Paralelamente a los cetáceos y arpones de Melville, el carismático y omniquerido Mark Twain, calificado por Faulker como el padre de la literatura norteamericana, andaba destripando con ácido humor la doblez y crueldad humana y social. Desenvuelto orador, el lenguaje literario del también periodista Twain es una transposición de la palabra hablada que se traducía en un lenguaje identificatorio de los estadounidenses, siguiendo esa idea de la literatura como acto de patria, de desentendimiento de las influencias europeas.

El éxito le llegaría con la publicación de Las aventuras de Tom Sawyer, inspirada en su niñez, pero sobre todo con Las aventuras de Huckleberry Finn, para los teóricos el inicio de la llamada "Gran Novela Norteamericana" junto a Moby Dick. Menos exitosa, más bien un fracaso, fue El príncipe y el mendigo, una novela crítica muy interesante en la que un príncipe y un mendigo nacidos el mismo día y físicamente idénticos intercambian sus posiciones sociales. No es su única obra de ficción histórica. Le acompaña Un yanqui en la corte del Rey Arturo, donde ridiculiza las normas políticas y sociales establecidas. "El banquero es un señor que nos presta el paraguas cuando hay sol y nos lo exige cuando empieza a llover".

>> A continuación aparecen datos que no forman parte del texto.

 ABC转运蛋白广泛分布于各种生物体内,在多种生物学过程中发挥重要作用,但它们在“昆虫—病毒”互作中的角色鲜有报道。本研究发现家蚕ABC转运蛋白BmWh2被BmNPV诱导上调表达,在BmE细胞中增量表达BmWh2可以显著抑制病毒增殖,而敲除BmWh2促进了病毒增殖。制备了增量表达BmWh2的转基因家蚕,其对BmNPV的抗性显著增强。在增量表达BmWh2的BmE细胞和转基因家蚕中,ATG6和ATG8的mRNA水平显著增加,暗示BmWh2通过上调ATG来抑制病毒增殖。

De la crítica social de Twain viajamos hasta el desengaño social del estadounidense medio de la década del jazz y la primera gran guerra, los años veinte. El desconcierto ante la imposición del materialismo como forma de vida y la incomprensión de una guerra cruel e inútil moldean las ideas de una excelente generación de literatos de la que Scott Fitzgerald era cabeza de cartel, la Generación Perdida.

Su gran obra, El gran Gatsby, desnudaba a una sociedad aparentemente democrática en su creciente ocio pero profundamente desgual en sus raíces, en un contexto de especulación y malas prácticas financieras que anticipaban el famoso Crack del 29, que daría lugar a la Gran Depresión. Sus otras novelas: A este lado del paraíso, su primera obra; Hermosos y malditos; la oscura Suave es la noche; y El último magnate. "Una generación nueva, que se dedica más que la última a temer a la pobreza y a adorar el éxito; crece para encontrar muertos a todos los dioses, tiene hechas todas las guerras y debilitadas todas las creencias del hombre."

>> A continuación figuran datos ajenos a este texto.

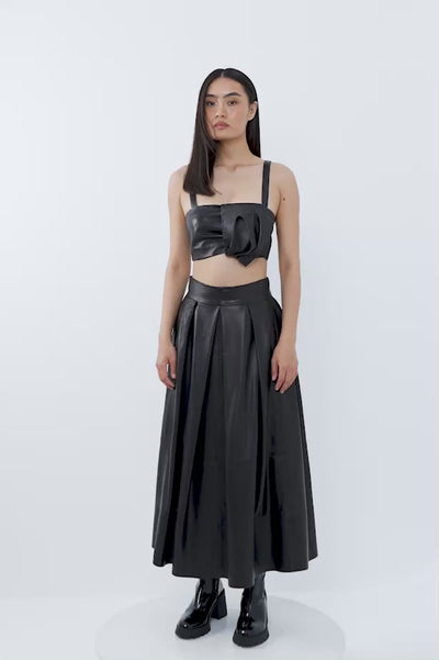 Arkadan Fermuarlı Askılı Deri Crop Top

En los mismos ambientes de vanguardia parisinos que Fitzgerald rondaba Ernest Hemingway, quien junto a Faulkner, Steinbeck y Dos Passos completaba la lista de los escritores perdidos. Tras un periodo de intenso individualismo culminado en fracaso se comprometía con la lucha colectiva. La prueba, Por quien doblan las campanas, obra maestra de la literatura universal donde Hemingway se consagraba moralmente con el bando republicano en la Guerra Civil española.

Doce años después y tras veinte años viviendo en Cuba, publicaba una aparentemente sencilla historia sobre un pescador de avanzada edad en horas bajas que sale al mar con el fin de romper su mala racha, y que le valdría nada más y nada menos que el Premio Nobel de Literatura. El viejo y el mar es una novela obligatoria, sin discusión alguna, de este escritor alcohólico y aventurero muerto a causa de un autodisparo accidental pero cuya sombra jamás se extinguirá. "El hombre no está hecho para la derrota; un hombre puede ser destruido pero no derrotado."